In the underlying case, a new managing director was appointed for the GmbH in question in 2005. The new managing director immediately dismissed the original managing director and, on the same day, sold the inventory, shop fittings and vehicle fleet of the GmbH. Shortly thereafter, insolvency was filed for the GmbH. The tax office assumed an organised so-called "company burial" (Firmenbestattung), arguing that all resolutions — including the dismissal of the original managing director — were void, that the original managing director had therefore breached his tax-related duties, and that he could now be held liable under §§ 34 and 69 AO.

Managing Director Liability for Outstanding Tax Debts According to the settled case law of the BFH, any liability claim must be examined to determine whether and to what extent the managing director, up to the point of his dismissal, would have been required to set aside the necessary funds to settle the tax debts.

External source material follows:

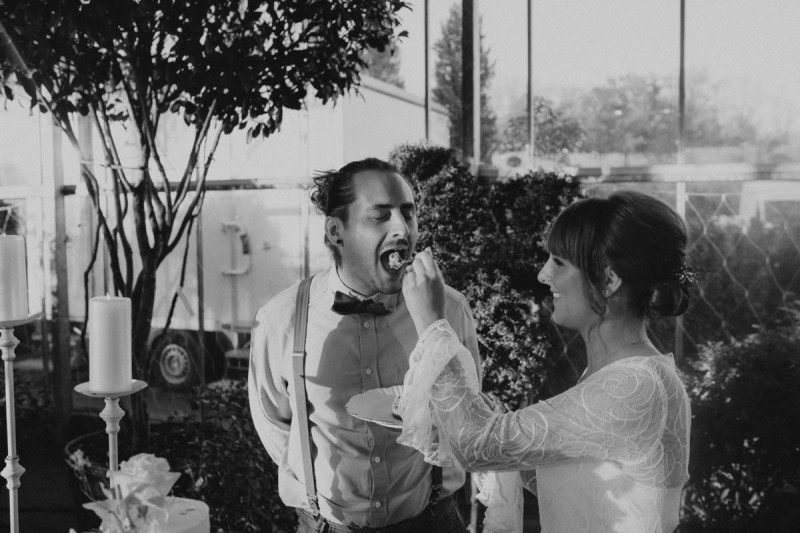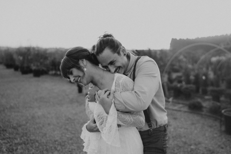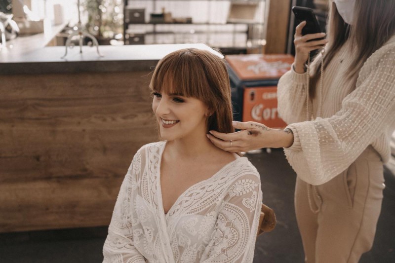 Während Simon in einem cool-entspannten Look in Beige & Braun, sowie Fliege und Hosenträgern von Adam Bows, gemeinsam mit Traurednerin Birgit Schönenberger, vor dem schönen Traubogen wartete, erhielt die hübsche Braut beim Getting Ready noch den letzten Schliff. Sie stieg aus ihrem wunderschönen Kimono im Bohostil, mit ihrem leichten Makeup und ihrem feinen Updo – beides kreiert von Hair & Makeup Artist Thanh Thanh Neziri – in ihr bezauberndes Brautkleid von Laura Dometzky. Mit elegantem Schmuck von Bling Jewelry, in ihren glitzernden Brautschuhen und mit ihrem opulenten Brautstrauß in den Händen, schritt sie zu ihrem Bräutigam. Mit der wärmenden Sonne im Rücken genossen sie die romantische freie Trauung mit Birgit Schönenberger, bei der sowohl gelacht als auch vor Freude geweint wurde.

The lower instance, the competent tax court (Finanzgericht), examined the question of a "Firmenbestattung" in detail. In particular, it considered the circumstances regarded by the tax office as typical indicators of a "Firmenbestattung": the transfer of shares to a transferee who could no longer be located, the simultaneous dismissal of the managing director, and the takeover of the business by a third party while circumventing orderly insolvency proceedings. According to the view of the FG — which cannot be challenged by the BFH — "the chosen arrangement provided an additional party liable and preserved the liability assets of the ongoing business. It is therefore at least doubtful whether the chosen arrangement served to remove assets of the GmbH and thereby disadvantage creditors." The BFH is thus bound by the view of the FG that no "Firmenbestattung" exists in this case. In conclusion, holding a managing director personally liable (Geschäftsführerhaftung) is a frequently used tool by the tax office to recover outstanding tax debts from the legal representative under §§ 34, 69 AO. This requires, however, a culpable breach of tax-related duties. If you are facing such a liability claim, we are happy to assist you with our specialist expertise in tax law and corporate law and to help you defend against the asserted claim.
Frequently asked questions
Frequently asked questions
When is a GmbH managing director personally liable for the company's tax debts?

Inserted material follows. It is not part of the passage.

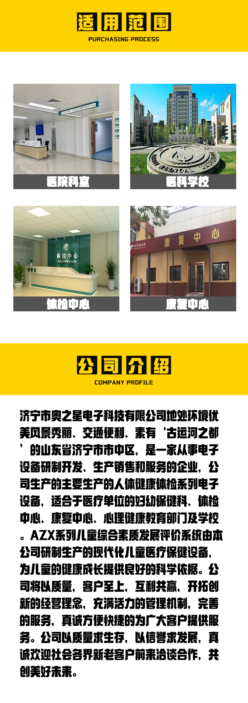| 公司简介 | 济宁市奥之星电子科技有限公司地处环境优美风景秀丽、交通便利、素有‘古运河之都’的山东省济宁市市中区,是一家专业从事电子设备研制开发、生产销售和服务的企业,公司生产的人体健康体检系列电子设备,适合于医疗单位的妇幼保健科、体检中心、康复中心、心理健康教育部门及学校。AZX系列儿童综合素质发展评价系统由本公司研制生产的现代化儿童医疗保健设备,为儿童的健康成长提供良好的科学依据。公司将以质量第一,客户至上 ... | ||

Under §§ 34, 69 AO, the managing director, as the legal representative, is personally liable if he or she culpably (intentionally or through gross negligence) breaches tax obligations, resulting in unpaid tax claims. Personal liability therefore requires not merely the non-payment of taxes, but specific fault on the part of the managing director. Tax authorities frequently invoke this liability to pursue outstanding tax debts against the representative.
What is a so-called 'company burial' (Firmenbestattung) within the meaning of BFH case law?
A Firmenbestattung refers to arrangements in which a GmbH is deliberately diverted from proper insolvency proceedings, for example by transferring shares to an untraceable acquirer, simultaneously replacing the managing director, and transferring business assets to third parties. The typical aim is to disadvantage creditors. Where such a Firmenbestattung exists, the underlying resolutions may be void, with the result that the original managing director remains in office and continues to be liable.
Must a managing director set aside funds to settle future tax liabilities?
Yes. Under settled BFH case law, the managing director is obliged, until his removal from office, to keep sufficient funds available to settle tax liabilities that have already arisen or are foreseeable. A breach of this duty to ensure adequate funds (Mittelvorsorgepflicht) may constitute a culpable violation of duty, triggering personal liability under §§ 34, 69 AO.
When is the BFH bound by the factual findings of the tax court regarding corporate burial?
As the court of revision, the BFH is generally bound by the factual findings and their assessment by the tax court, provided that no procedural errors or violations of the laws of logic are raised. If the tax court evaluates the evidence to the effect that no corporate burial exists – for instance because liability assets were preserved – the BFH cannot readily overturn this finding.
What consequences does the effectiveness of a managing director's removal have for liability?
If the removal is effective, the former managing director's responsibility for tax claims arising thereafter generally ends. However, if the removal is deemed void due to a company burial (Firmenbestattung), the original managing director remains in office and can continue to be held liable for breaches of duty. The effective termination of the office is therefore decisive for delimiting liability.